The timing of bleomycin (BLM) administration after KMT-17 tumor inoculation was found to be important for optimizing its therapeutic effect on tumor-bearing rats. A remarkable therapeutic effect was observed when BLM (5 mg/kg/day) was administered i.p. for 5 days from the eighth day after tumor inoculation (Day 8 to Day 12) rather than when BLM was administered i.p. for 5 days during the days immediately following tumor inoculation (Day 1 and Day 5)(cured rats/treated rats: 10/21 and 2/16, respectively). By means of a Winn assay, stronger tumor-neutralizing activities were observed in spleen cells from BLM (Day 8 to Day 12)-treated tumor-bearing rats than were observed in spleen cells from BLM (Day 1 to Day 5)-treated tumor-bearing rats (% Inhibition: 70.9 and 49.3%, respectively).
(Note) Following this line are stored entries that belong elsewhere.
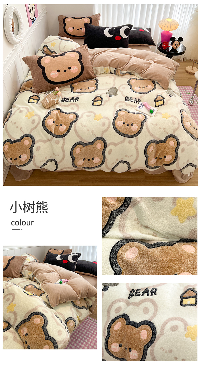 当前位置: 91家纺网 > 商品网购 > 床品套件 > 四件套 > 牛奶绒四件套 > 顾里家纺 2023新款ins韩风∙立体牛奶雪花绒系列四件套 小树熊
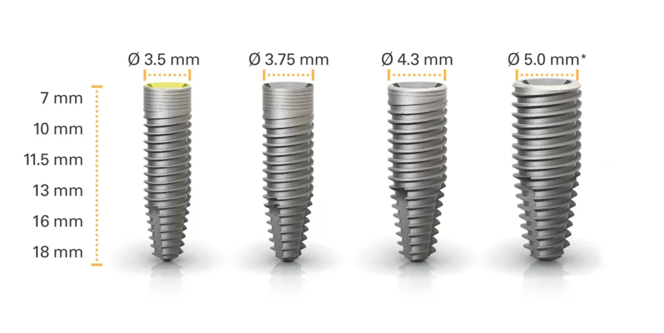 Los implantes NUVO™ se han diseñado ofreciendo una gama completa de diámetros y longitudes.
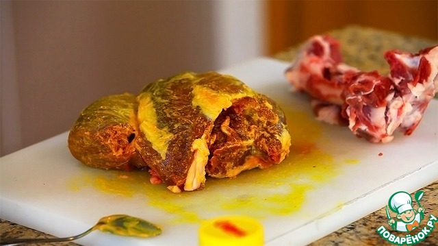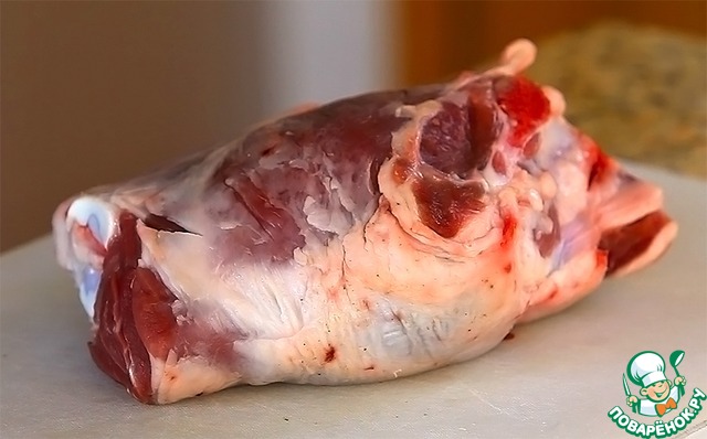 Говоря о куске баранины в этом рецепте я имею ввиду ножку барашка, от которой отделена голяшка и вырезана бедренная кость.
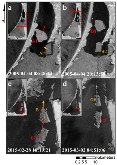 Examples of the ice drift in the Curonian Lagoon observed in the SAR images. Envisat ASAR images of the two ice floes in the Lithuanian part of the Curonian Lagoon taken on 4 April 2005 at 8:48:44 UTC (a) and at 20:13:50 UTC (b). Sentinel-1A images of the ice floes in the Russian part of the lagoon acquired on 28 February 2015 at 16:19:21 UTC (c) and 2 March at 04:51:06 UTC (d).
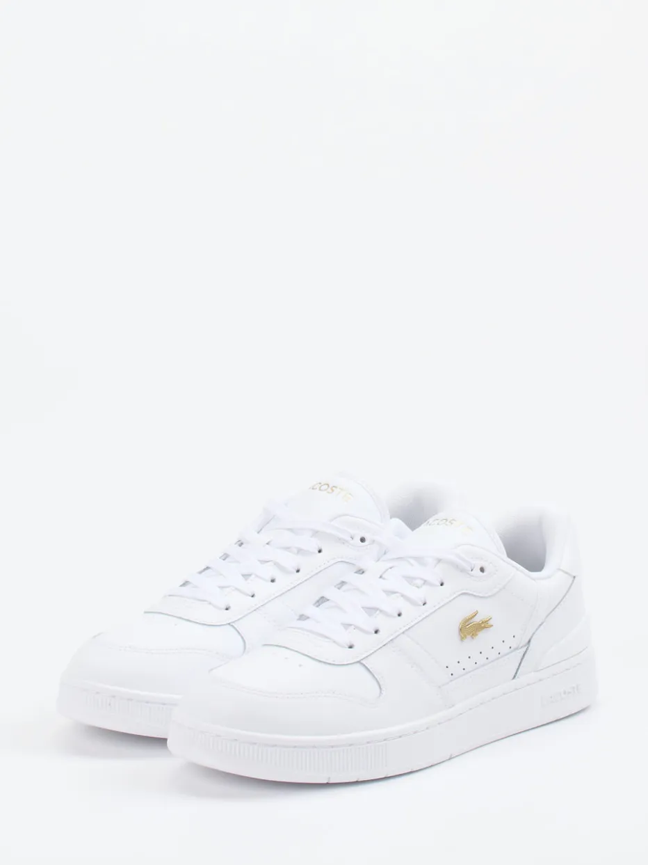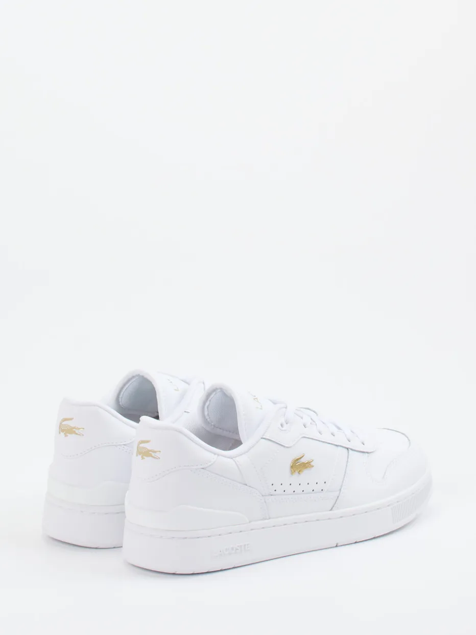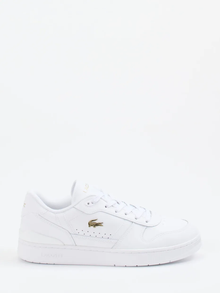 Minimalismus trifft auf goldene Raffinesse.Lacoste präsentiert einen eleganten Low-Top-Sneaker für Damen aus fein verarbeitetem Glattleder in strahlendem Weiß. Ob im Büro oder casual unterwegs – die klassische Form, Perforationen und goldfarbene Logo-Applikationen verleihen diesem Modell eine stilvoll cleane Ausstrahlung. Die glänzende Oberfläche und die weiße Gummisohle bieten ein komfortables Tragegefühl bei gleichzeitig urbaner Frische. Die Kombination aus sportlicher Silhouette und dezenten Metallic-Akzenten spiegelt aktuelle Streetwear-Trends wider. Lässt sich exzellent mit minimalistischen Outfits und weißen Socken kombinieren. Ein Sneaker mit sportlich-elegantem Charme – markentypisch reduziert und trendbewusst.

These therapeutic effects were thus found to be consistent with the antitumor immunity against KMT-17. The enhanced tumor-neutralizing activities of spleen cells from BLM-treated tumor-bearing rats were suppressed by adding spleen cells from nontreated tumor-bearing rats. In cell transfer experiments, an antitumor transplantation resistance in rats immunized with irradiated KMT-17 cells was abrogated by an adoptive transfer of spleen cells from untreated tumor-bearing rats or BLM (Day 1 to Day 5)-treated tumor-bearing rats but not from BLM (Day 8 to Day 12)-treated tumor-bearing rats. These results suggest that, when BLM is administered during a late stage of tumor growth, it is effective in eliminating suppressor cells and that this leads to an improvement in the therapeutic effects of the drug.

Footnotes

  • ↵1 Supported in part by a Grant-in-Aid for Cancer Research from the Japanese Ministry of Education, Science, and Culture, and by a grant from the Japanese Foundation for Multidisciplinary Treatment of Cancer, Tokyo, Japan.

  • ↵2 To whom requests for reprints should be addressed.

  • Received April 24, 1984.
  • Revision received December 6, 1984.
  • Accepted December 27, 1984.
  • ©1985 American Association for Cancer Research.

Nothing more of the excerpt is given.